Gee, that would have been good information years ago when I use to smoke out of my bong.

 

try (14.7 + 5)/14.7=1.34 atm

 

Okay so the equivalent air volume with 5 psi of boost is 10.184 ft3/sec?

 

Yes roughly you are looking at N/A comsumption * pressure ratio = boosted consumption.

There are of course other factors which some will point.. temperature, etc.

The pressure ratio is what RJW showed you above.

I have put together a spreadsheet for all of this so calculate compression ratio and consumption when I was going to source my own turbos.

 

Known Variables

CID = Engine Displacement
RPM = RPM
Volumetric Efficiency (naturally aspirating) = VE - in %
Engine Air Flow Requirements (naturally aspirating) = ((CID*RPM)/3456)*(VE/100) - in CFM
Air mass conversion (cubic foot to mass) = CF1
CF1 = 0.075-0.069 (temperature based)
Mass flow calculation Min. Qm1 = CFM*CF1 – in lbs/min

Pressure Ratio

Target Boost (PSI) TB = 5,10 what ever desired in PSI
Inlet Pressure / Atmospheric Pressure P1 = 14.6960
Absolute Boost Pressure P2 = P1+TB
Pressure Ratio PR1 = (P1+TB)/P1 – in x.xx:1

Temperature Rise Ideal

Inlet Temperature T1 = your inlet temp in F
Temperature Conversion to ºRankine CF2 = 459.69
Outlet Temperature T2 = ((T1+CF2)*(PR^0.283))-CF2
Temperature Rise T3 = T2 - T1 – in degrees F

Temperature Rise Estimate Based on Adiabatic Efficiency

Adiabatic Efficiency AE = blower efficiency in % 58-72?????
Estimated Outlet Temperature Rise (adiabatic) T4 = T3/(AE/100) – in degrees F
Estimated Total Outlet Temperature T5 = T1+T4 – in degrees F

Heat Exchanger

System Heat Exchanger Efficiency HXE = - in %
Heat Exchanger Discharge Temperature HXT = ((T5-T1)*((100-HXE)/100)))+T1 – in degrees F
Heat Exchanger Pressure Drop PD = 0.5, 1 guess also include piping loses in PSI
Heat Exchanger Discharge Pressure Ratio PR2 = (P2-PD)/P1

Density Ratios

Compressor Outlet Air Density Ratio DR1 = ((T1+CF2)/(T5+CF2))*PR1
Charge Cooled Outlet Air Density Ratio DR2 = ((T1+CF2)/(HXT+CF2))*PR2

Compressor Inlet Airflow

Compressor Inlet Airflow Estimate I_CFM1 = CFM*DR1 – in CFM
Compressor Inlet Mass Flow Min. Qm2 = I_CFM*CF1 – in lbs/min
Charge Cooled Compressor Inlet Airflow Estimate I_CFM2 = CFM*DR2 – in CFM
Charge Cooled Compressor Inlet Mass Flow Min. Qm3 = I_CFM*CF1 – in lbs/min

These are generic and simplified calculations but should get you into ballpark.

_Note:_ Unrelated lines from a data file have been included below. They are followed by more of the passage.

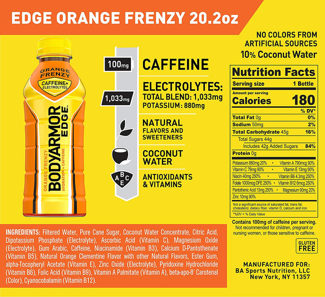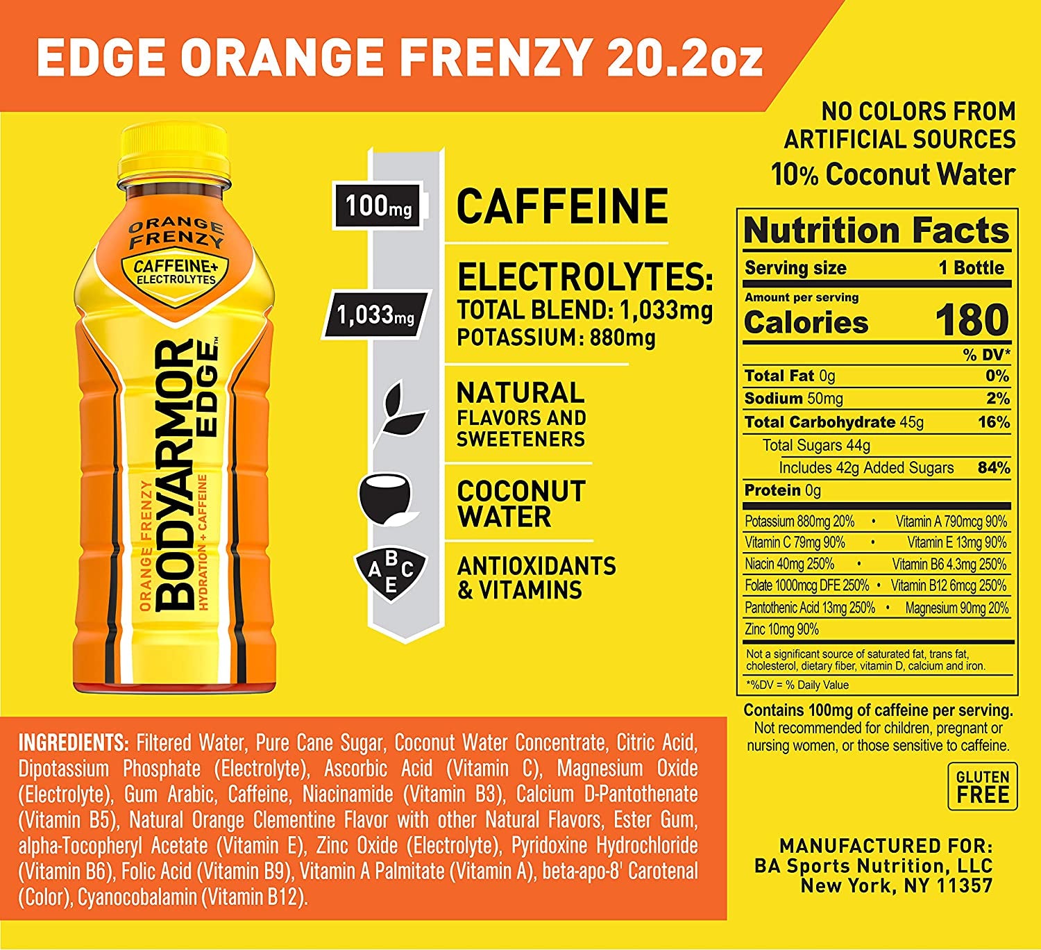 BODYARMOR EDGE Sports Drink with Caffeine, Orange Frenzy, Potassium-Packed Electrolytes, Caffeine Boost, Natural Flavors with Vitamins, Perfect for Athletes 20.2 Fl Oz (Pack of 12) - Orange Frenzy / 20.2 Ounce Pack Of 12 is backordered and will ship as soon as it is back in stock.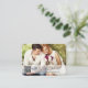Modern, minimalistisk, enkelt höljeskort för Bröllop-webbplats med din QR-kod. Ett foto med textövertäckning. Burgundy tillbaka.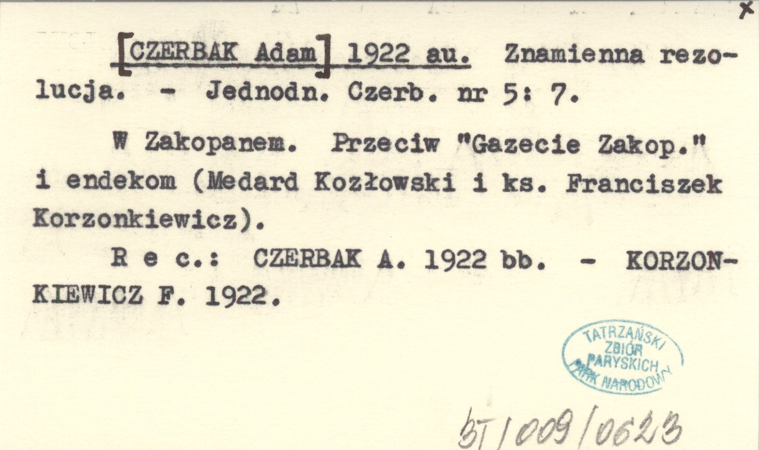 Jednodniówka Czerbaka, Nr 5: 7. W Zakopanem. Przeciw "Gazecie Zakopiańskiej" i endekom (Medard Kozłowski i ks. Franciszek Korzonkiewicz). REC: CZERBAK A. 1922 bb. KORZONKIEWICZ F. 1922.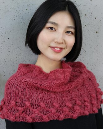 This decorative little capelet is worked in the round with my Affetto Seta. The overhand knots are worked in as you go... no need to break the yarn either!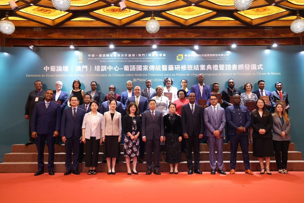 由中国—葡语国家经贸合作论坛(澳门)常设秘书处主办、粤澳合作中医药科技产业园承办的“葡语国家传统医药研修班”于10月25日在澳门美高梅举行结业典礼暨证书颁发仪式。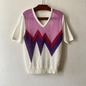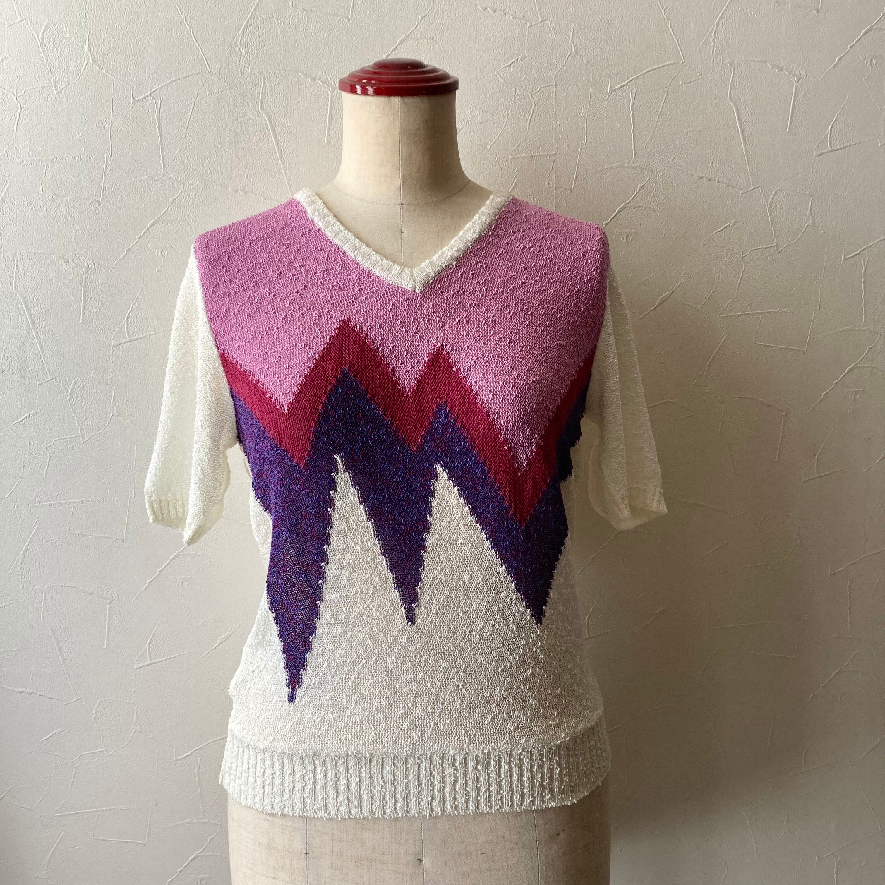 色合いが可愛いギザギザ柄のクールなサマーニット◯ 70s80sな古着らしいデザインがステキです。ベルボトムでかっこよく着たいところです♡

To calculate inlet pipe velocity, take your FT^3 or appropriate CFM and divide by cross-sectional area in FT^2.
TYPO^^^^ corrected sorry then divide by 60 to get ft/sec

As far as restriction, it’s more of a pressure drop do to frictional/heating losses. Those calculations are allot more involved but I may be able to post simplified version latter. A general rule is stay below 250 ft/sec (this is my opinion). On inlet side 200 ft/sec would be better.

I’m Slower

Mike

EDIT--------------------------------------------------------------------------------------------------------------------------
PM me with email and I can send excel spreadsheet.

 

I think you want to redo your math. The amount of air consumed @ 100% fill @6000 RPM's is 10.0 cu' sec @ 1 atm, or X 1.34 for 5Psi boost I had to correct this also I multiplied by 1.34 twice

 

348 cu"
6000 rpm
100 rev/s
50 rev/s filling

50x348=17,400 in3 / 144 in = 120.833 ft3/s

120.833 x 1.34 (5psi)= 161.917 ft3/s

Dinner date has come. I'll finish this thought later.

 

Look at www.forcedinductions.com/consumption346.htm and you will see my calcs will be very close that is why I included lbs/min. Also with supercharger VE is typically 100%, with turbo it depends on backpressure.


Mike

 

Alright, so the engine is consuming 170 ft3/second of air at 6000 rpm. Can a 2.5" charge pipe supply that much air at 5-6 psi or would it need to be bigger?

 

Methinks that your math is still off base...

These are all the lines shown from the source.